(Information given begins)
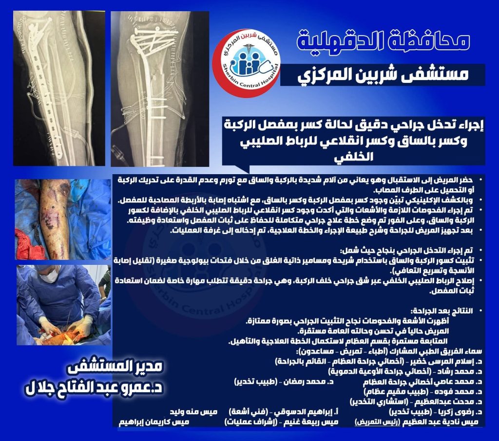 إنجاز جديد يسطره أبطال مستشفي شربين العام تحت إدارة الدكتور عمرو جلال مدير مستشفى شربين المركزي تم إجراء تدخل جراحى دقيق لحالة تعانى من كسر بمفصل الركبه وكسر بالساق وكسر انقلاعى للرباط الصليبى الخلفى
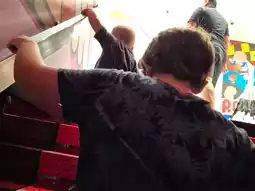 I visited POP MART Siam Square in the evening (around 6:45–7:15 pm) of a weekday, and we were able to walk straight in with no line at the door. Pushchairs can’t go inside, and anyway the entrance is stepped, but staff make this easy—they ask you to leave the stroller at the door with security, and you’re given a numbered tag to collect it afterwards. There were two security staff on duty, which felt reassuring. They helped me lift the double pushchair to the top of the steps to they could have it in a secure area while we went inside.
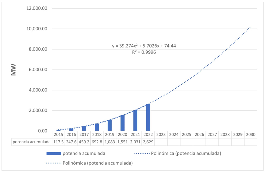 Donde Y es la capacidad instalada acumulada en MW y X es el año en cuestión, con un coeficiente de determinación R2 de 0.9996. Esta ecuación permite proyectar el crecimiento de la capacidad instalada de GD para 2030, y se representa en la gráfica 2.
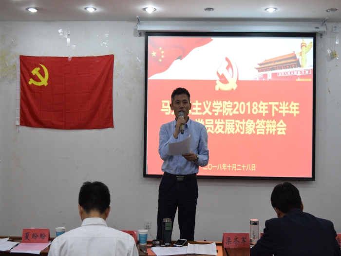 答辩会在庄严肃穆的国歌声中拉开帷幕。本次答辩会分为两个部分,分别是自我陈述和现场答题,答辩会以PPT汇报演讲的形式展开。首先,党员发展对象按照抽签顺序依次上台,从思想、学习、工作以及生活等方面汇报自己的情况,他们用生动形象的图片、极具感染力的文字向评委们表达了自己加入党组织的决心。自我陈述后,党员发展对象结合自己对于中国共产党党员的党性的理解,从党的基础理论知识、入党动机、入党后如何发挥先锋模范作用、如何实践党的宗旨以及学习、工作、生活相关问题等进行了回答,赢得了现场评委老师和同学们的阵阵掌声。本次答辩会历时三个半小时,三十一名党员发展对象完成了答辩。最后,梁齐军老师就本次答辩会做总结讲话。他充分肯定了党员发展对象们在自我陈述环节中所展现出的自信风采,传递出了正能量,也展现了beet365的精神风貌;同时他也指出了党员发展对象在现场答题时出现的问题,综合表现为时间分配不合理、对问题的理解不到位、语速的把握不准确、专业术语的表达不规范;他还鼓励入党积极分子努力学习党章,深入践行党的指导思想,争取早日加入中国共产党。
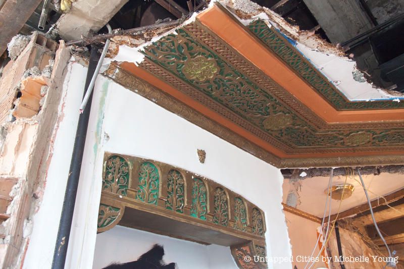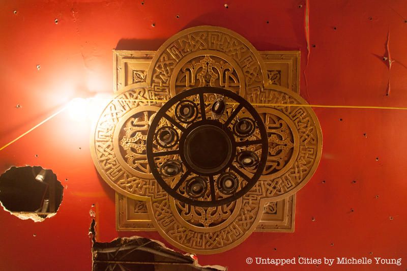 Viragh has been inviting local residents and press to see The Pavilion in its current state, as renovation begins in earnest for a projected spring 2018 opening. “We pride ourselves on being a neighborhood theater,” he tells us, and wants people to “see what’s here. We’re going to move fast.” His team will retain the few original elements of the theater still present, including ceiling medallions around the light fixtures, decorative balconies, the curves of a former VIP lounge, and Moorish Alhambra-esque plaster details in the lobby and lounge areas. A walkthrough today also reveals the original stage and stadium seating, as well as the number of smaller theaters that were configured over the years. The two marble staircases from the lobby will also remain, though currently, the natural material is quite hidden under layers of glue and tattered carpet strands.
(Information given ends)
(Information given begins)
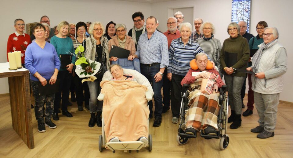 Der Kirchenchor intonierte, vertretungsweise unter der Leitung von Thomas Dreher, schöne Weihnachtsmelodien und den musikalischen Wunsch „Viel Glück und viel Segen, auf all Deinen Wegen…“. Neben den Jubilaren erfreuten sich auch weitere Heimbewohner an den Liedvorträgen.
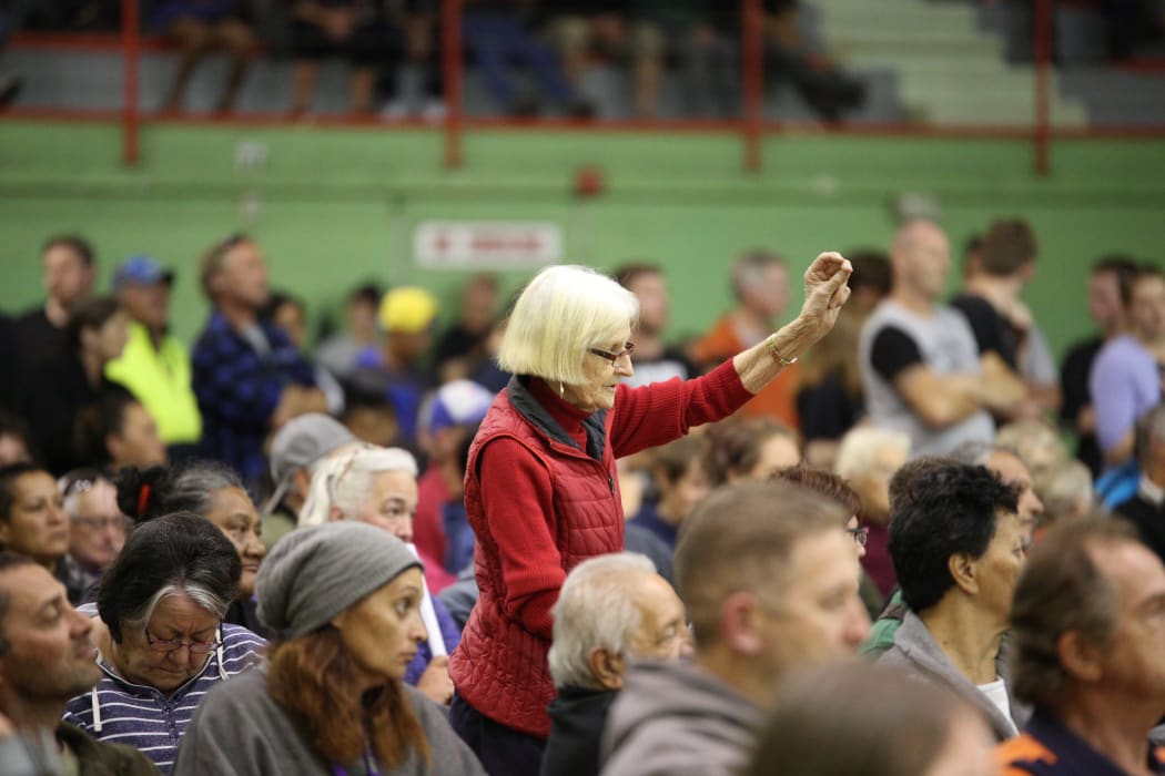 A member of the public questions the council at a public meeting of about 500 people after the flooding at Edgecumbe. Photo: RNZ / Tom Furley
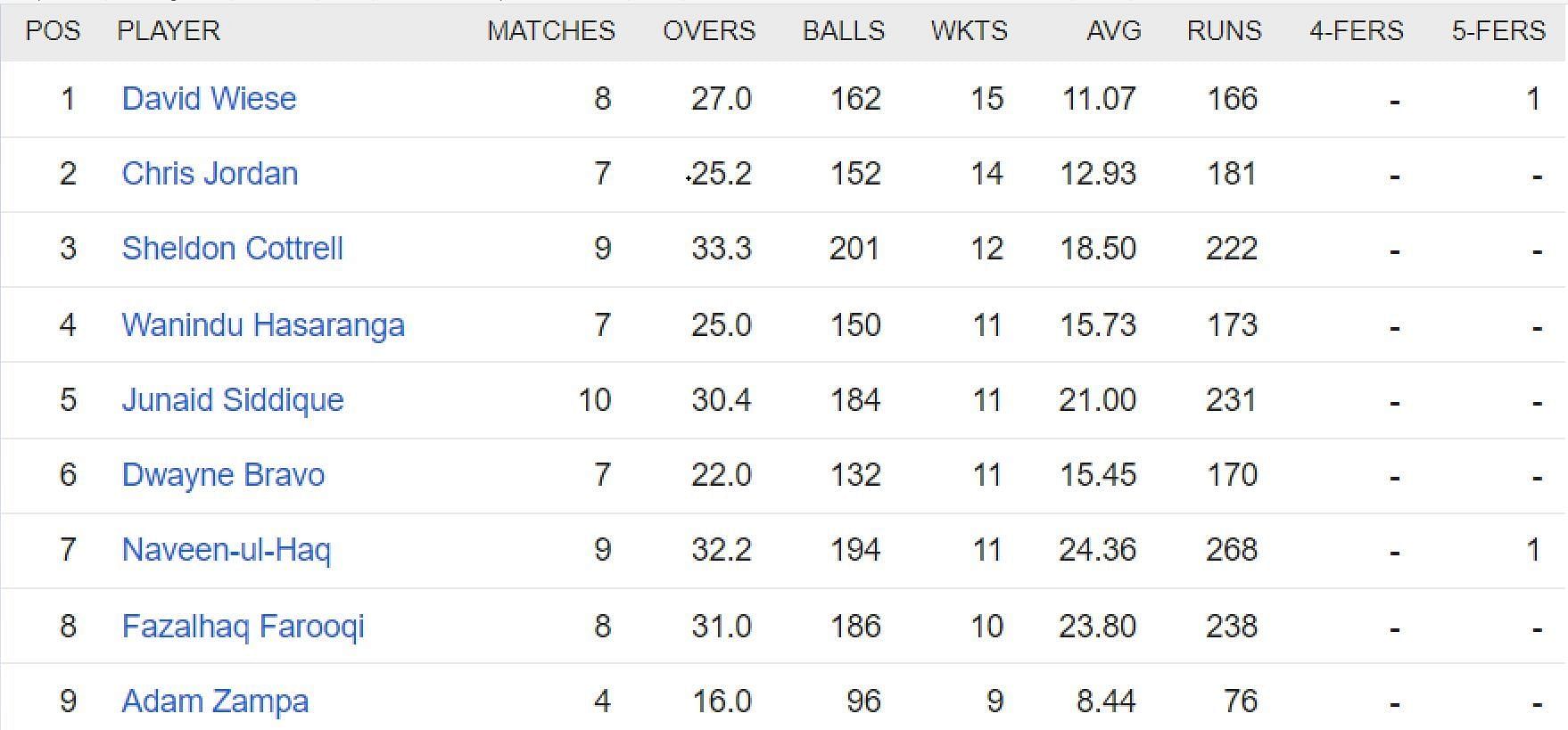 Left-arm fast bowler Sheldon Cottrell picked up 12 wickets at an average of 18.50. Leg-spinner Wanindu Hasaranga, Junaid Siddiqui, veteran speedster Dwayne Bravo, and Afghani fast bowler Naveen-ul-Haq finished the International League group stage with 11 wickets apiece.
(Information given ends)
Problem description> From the records above, extract the lines from the one holding "إنجاز جديد يسطره" through the one holding "I visited POP", word for word; omit the pictures.

Exercise solution>
 إنجاز جديد يسطره أبطال مستشفي شربين العام تحت إدارة الدكتور عمرو جلال مدير مستشفى شربين المركزي تم إجراء تدخل جراحى دقيق لحالة تعانى من كسر بمفصل الركبه وكسر بالساق وكسر انقلاعى للرباط الصليبى الخلفى
 I visited POP MART Siam Square in the evening (around 6:45–7:15 pm) of a weekday, and we were able to walk straight in with no line at the door. Pushchairs can’t go inside, and anyway the entrance is stepped, but staff make this easy—they ask you to leave the stroller at the door with security, and you’re given a numbered tag to collect it afterwards. There were two security staff on duty, which felt reassuring. They helped me lift the double pushchair to the top of the steps to they could have it in a secure area while we went inside.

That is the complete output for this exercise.